╭──
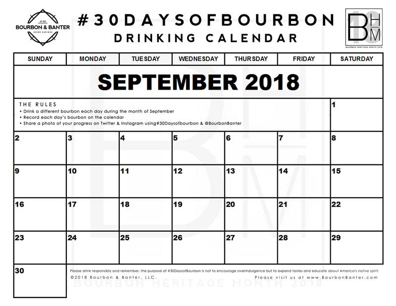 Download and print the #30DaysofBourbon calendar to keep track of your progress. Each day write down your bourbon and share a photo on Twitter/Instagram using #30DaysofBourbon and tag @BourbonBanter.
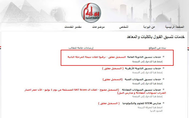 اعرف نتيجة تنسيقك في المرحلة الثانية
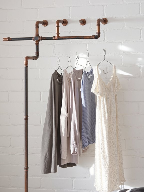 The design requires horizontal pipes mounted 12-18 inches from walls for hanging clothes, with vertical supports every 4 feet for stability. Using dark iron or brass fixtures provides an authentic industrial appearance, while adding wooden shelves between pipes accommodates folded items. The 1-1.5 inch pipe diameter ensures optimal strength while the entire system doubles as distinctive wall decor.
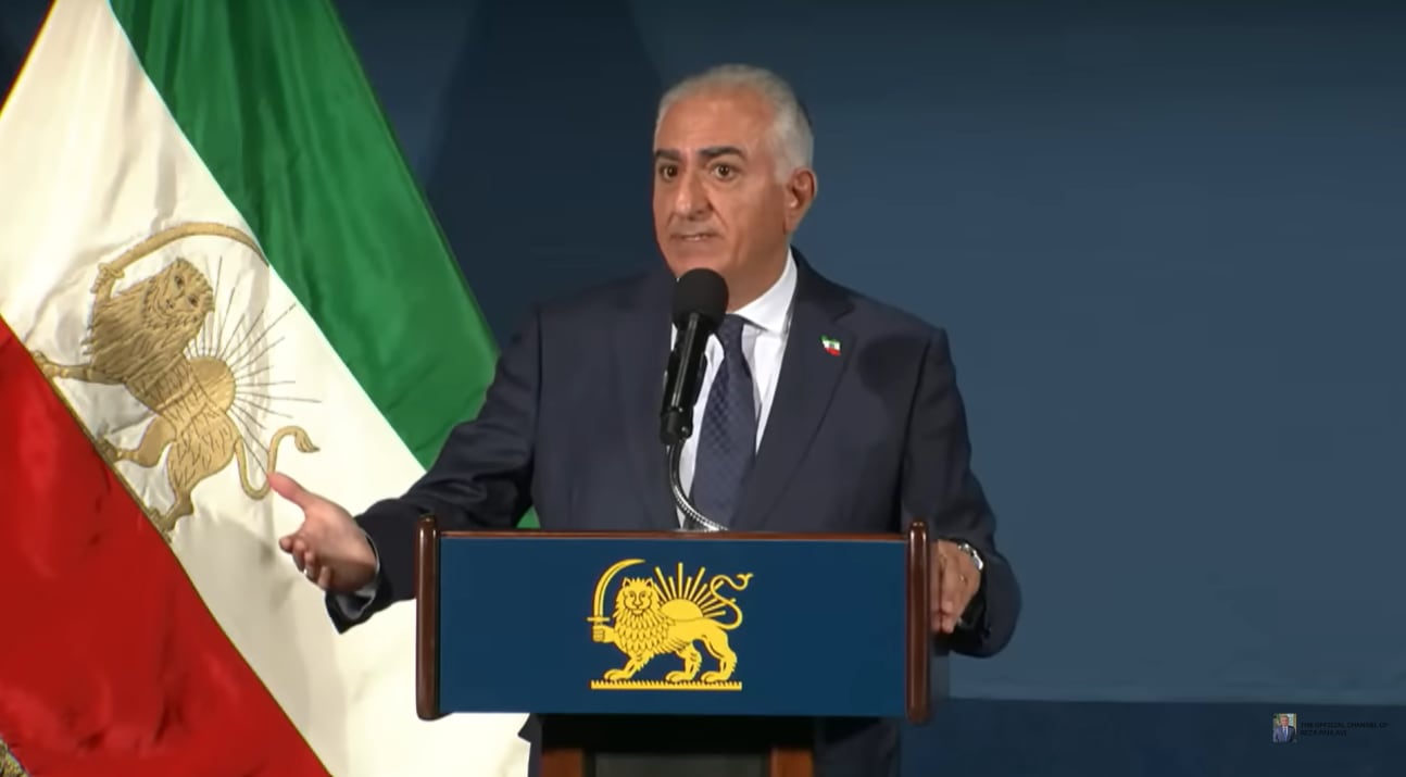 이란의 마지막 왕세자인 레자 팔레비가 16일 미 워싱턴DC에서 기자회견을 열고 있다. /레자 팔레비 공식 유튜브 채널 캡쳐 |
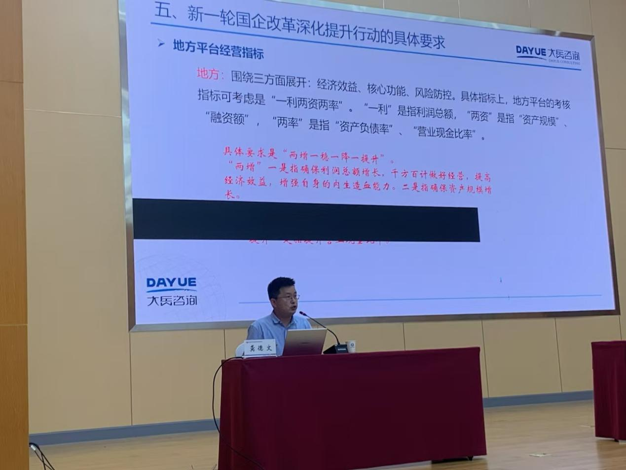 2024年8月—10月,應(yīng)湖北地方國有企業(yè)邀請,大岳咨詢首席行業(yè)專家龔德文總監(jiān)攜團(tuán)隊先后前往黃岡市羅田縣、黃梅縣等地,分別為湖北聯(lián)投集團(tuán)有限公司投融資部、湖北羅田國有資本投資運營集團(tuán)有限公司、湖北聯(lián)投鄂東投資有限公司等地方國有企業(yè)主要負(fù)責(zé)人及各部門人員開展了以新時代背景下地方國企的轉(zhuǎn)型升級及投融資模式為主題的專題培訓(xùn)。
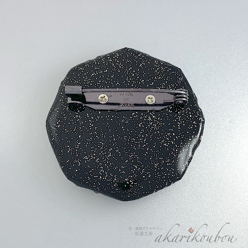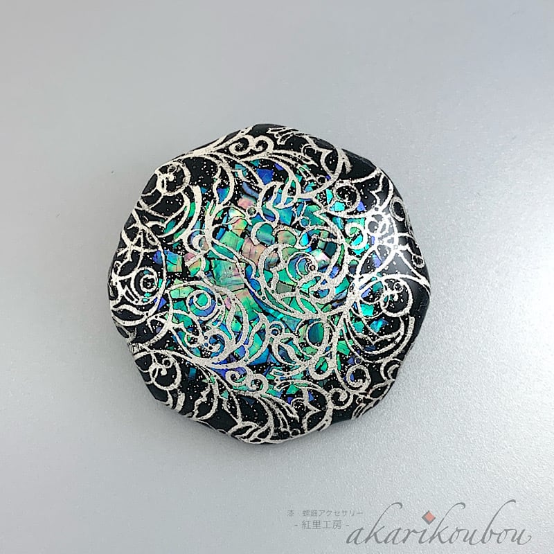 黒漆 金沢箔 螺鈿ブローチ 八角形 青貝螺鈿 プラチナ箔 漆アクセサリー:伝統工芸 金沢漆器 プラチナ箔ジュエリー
╰──
> **Directions for this task**
Pictures are to be left out; please print the rest of the records above word for word.

> **Result**
 Download and print the #30DaysofBourbon calendar to keep track of your progress. Each day write down your bourbon and share a photo on Twitter/Instagram using #30DaysofBourbon and tag @BourbonBanter.
 اعرف نتيجة تنسيقك في المرحلة الثانية
 The design requires horizontal pipes mounted 12-18 inches from walls for hanging clothes, with vertical supports every 4 feet for stability. Using dark iron or brass fixtures provides an authentic industrial appearance, while adding wooden shelves between pipes accommodates folded items. The 1-1.5 inch pipe diameter ensures optimal strength while the entire system doubles as distinctive wall decor.
 이란의 마지막 왕세자인 레자 팔레비가 16일 미 워싱턴DC에서 기자회견을 열고 있다. /레자 팔레비 공식 유튜브 채널 캡쳐 |
 2024年8月—10月,應(yīng)湖北地方國有企業(yè)邀請,大岳咨詢首席行業(yè)專家龔德文總監(jiān)攜團(tuán)隊先后前往黃岡市羅田縣、黃梅縣等地,分別為湖北聯(lián)投集團(tuán)有限公司投融資部、湖北羅田國有資本投資運營集團(tuán)有限公司、湖北聯(lián)投鄂東投資有限公司等地方國有企業(yè)主要負(fù)責(zé)人及各部門人員開展了以新時代背景下地方國企的轉(zhuǎn)型升級及投融資模式為主題的專題培訓(xùn)。
 黒漆 金沢箔 螺鈿ブローチ 八角形 青貝螺鈿 プラチナ箔 漆アクセサリー:伝統工芸 金沢漆器 プラチナ箔ジュエリー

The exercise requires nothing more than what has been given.